* **Exercise directions**:
Only the lines below from the one containing "1. а) Петя может" through the one containing "Фритюрница для темпуры" belong in the answer, repeated exactly and without pictures.

* **Supplied material**:

%%

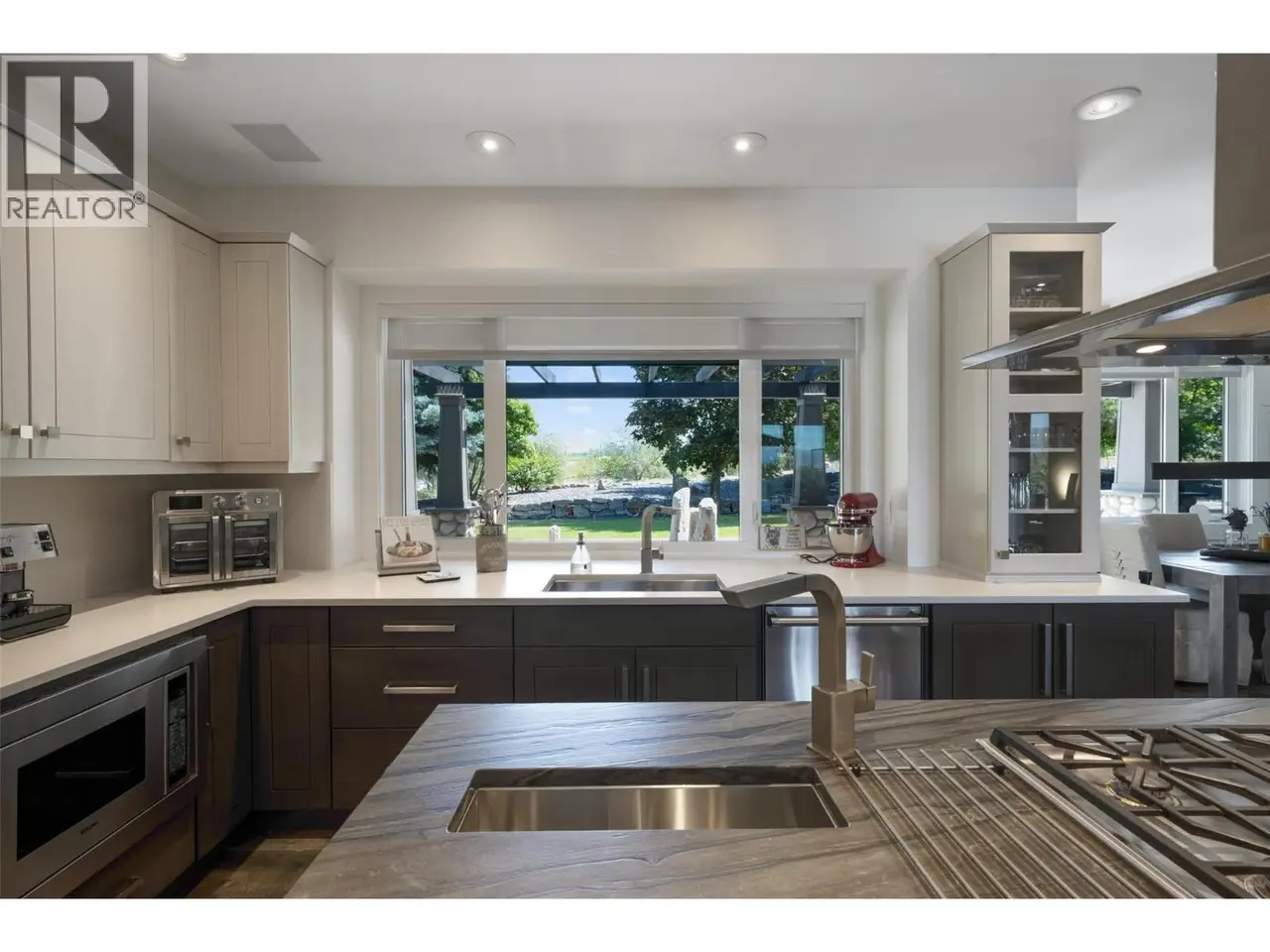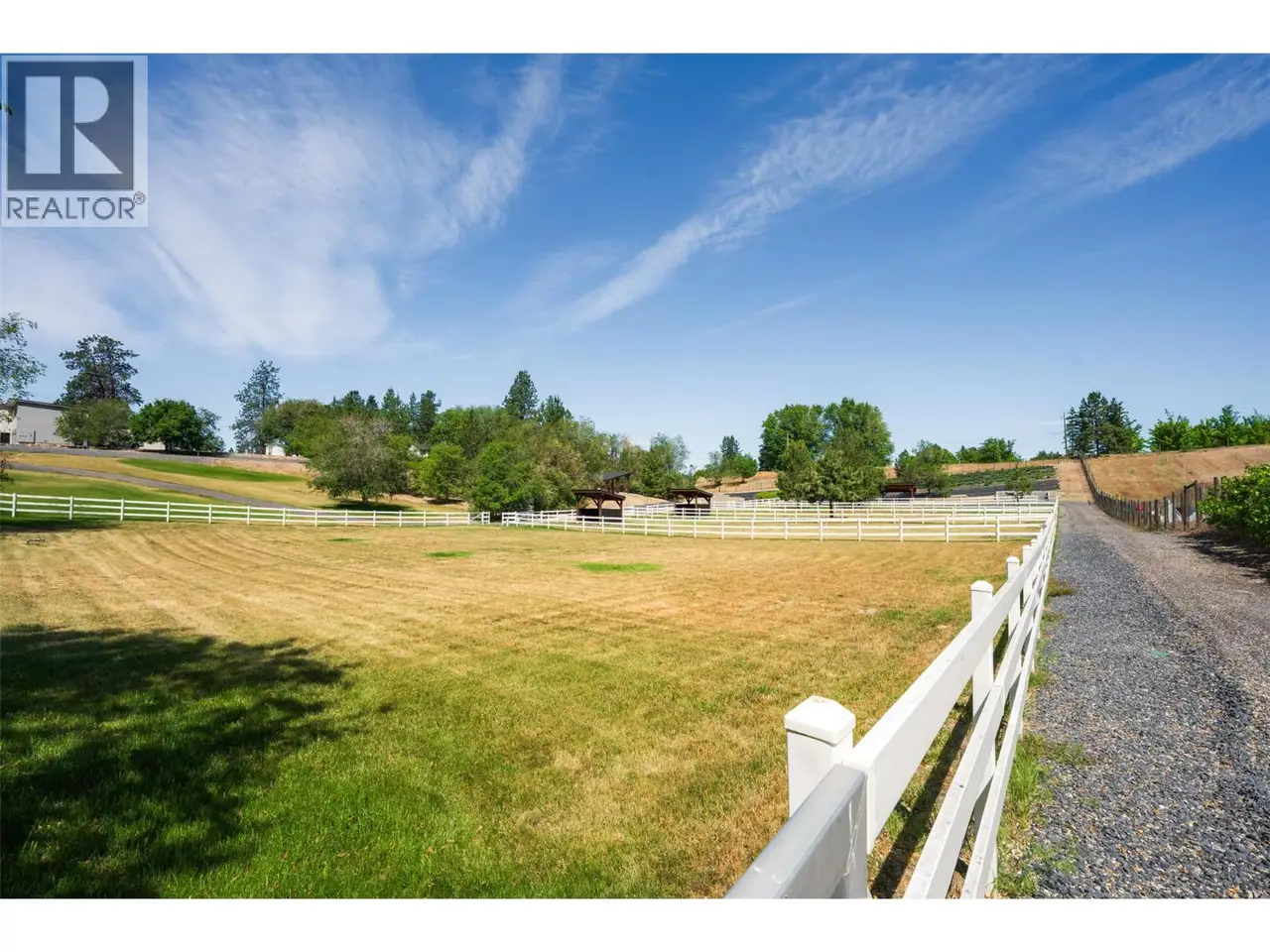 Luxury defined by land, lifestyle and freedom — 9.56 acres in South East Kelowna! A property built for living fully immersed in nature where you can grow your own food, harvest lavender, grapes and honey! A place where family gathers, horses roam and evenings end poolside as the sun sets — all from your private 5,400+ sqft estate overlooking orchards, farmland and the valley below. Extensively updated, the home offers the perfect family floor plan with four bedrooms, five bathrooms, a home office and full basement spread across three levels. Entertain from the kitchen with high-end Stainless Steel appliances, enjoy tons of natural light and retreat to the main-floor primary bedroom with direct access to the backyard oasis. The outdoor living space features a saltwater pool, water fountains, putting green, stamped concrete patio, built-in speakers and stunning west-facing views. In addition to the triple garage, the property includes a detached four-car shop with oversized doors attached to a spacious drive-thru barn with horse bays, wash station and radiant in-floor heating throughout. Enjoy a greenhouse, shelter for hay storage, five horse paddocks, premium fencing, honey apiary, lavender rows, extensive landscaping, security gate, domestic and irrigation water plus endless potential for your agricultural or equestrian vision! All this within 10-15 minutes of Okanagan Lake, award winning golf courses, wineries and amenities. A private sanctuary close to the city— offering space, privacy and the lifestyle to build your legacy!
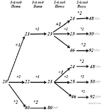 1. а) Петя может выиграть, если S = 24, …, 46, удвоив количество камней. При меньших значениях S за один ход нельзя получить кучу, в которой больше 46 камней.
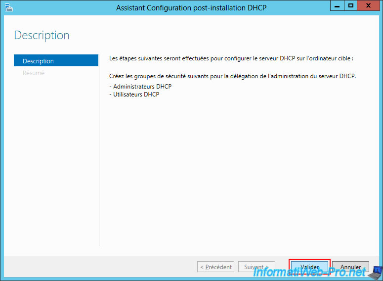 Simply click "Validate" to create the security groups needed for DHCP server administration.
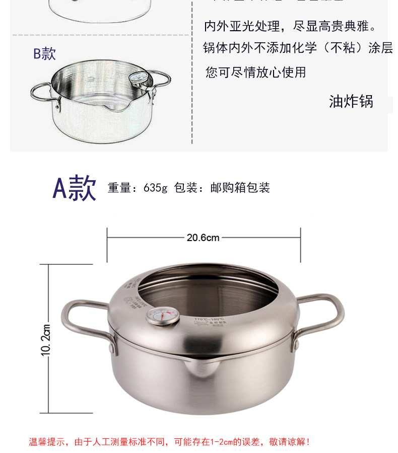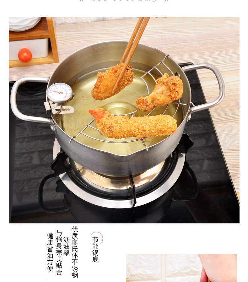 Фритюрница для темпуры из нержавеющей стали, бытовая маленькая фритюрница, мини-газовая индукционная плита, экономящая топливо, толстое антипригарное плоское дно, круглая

%%
%%

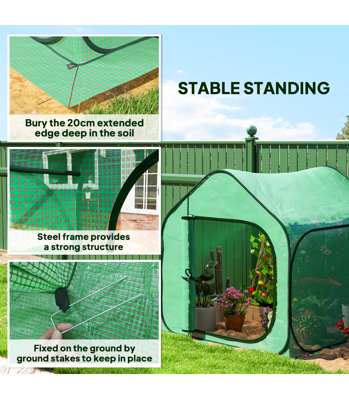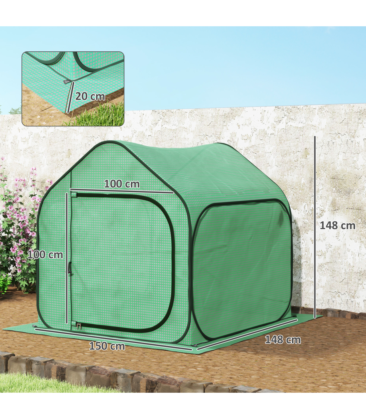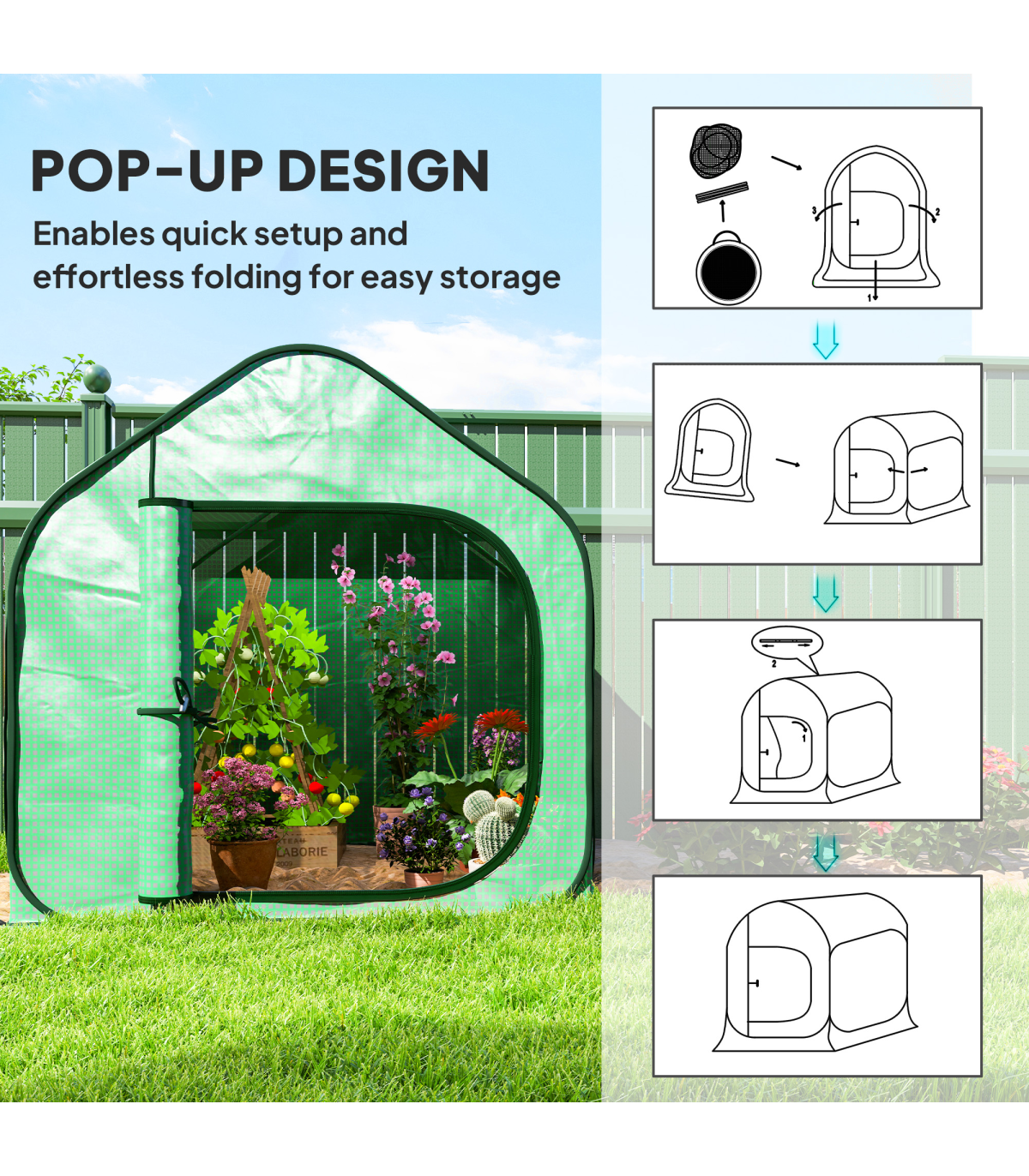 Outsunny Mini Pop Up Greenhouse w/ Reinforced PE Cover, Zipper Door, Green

%%
%%

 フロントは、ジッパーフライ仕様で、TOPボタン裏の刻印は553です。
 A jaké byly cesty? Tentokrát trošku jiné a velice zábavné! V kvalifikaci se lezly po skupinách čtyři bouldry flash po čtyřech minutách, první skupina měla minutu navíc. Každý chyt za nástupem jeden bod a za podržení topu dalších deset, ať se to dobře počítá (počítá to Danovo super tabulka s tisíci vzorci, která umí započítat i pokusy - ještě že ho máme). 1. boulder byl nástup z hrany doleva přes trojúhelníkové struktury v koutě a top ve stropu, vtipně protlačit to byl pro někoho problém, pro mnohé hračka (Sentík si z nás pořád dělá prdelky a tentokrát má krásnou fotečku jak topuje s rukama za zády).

%%

* **Your solution**:
 1. а) Петя может выиграть, если S = 24, …, 46, удвоив количество камней. При меньших значениях S за один ход нельзя получить кучу, в которой больше 46 камней.
 Simply click "Validate" to create the security groups needed for DHCP server administration.
 Фритюрница для темпуры из нержавеющей стали, бытовая маленькая фритюрница, мини-газовая индукционная плита, экономящая топливо, толстое антипригарное плоское дно, круглая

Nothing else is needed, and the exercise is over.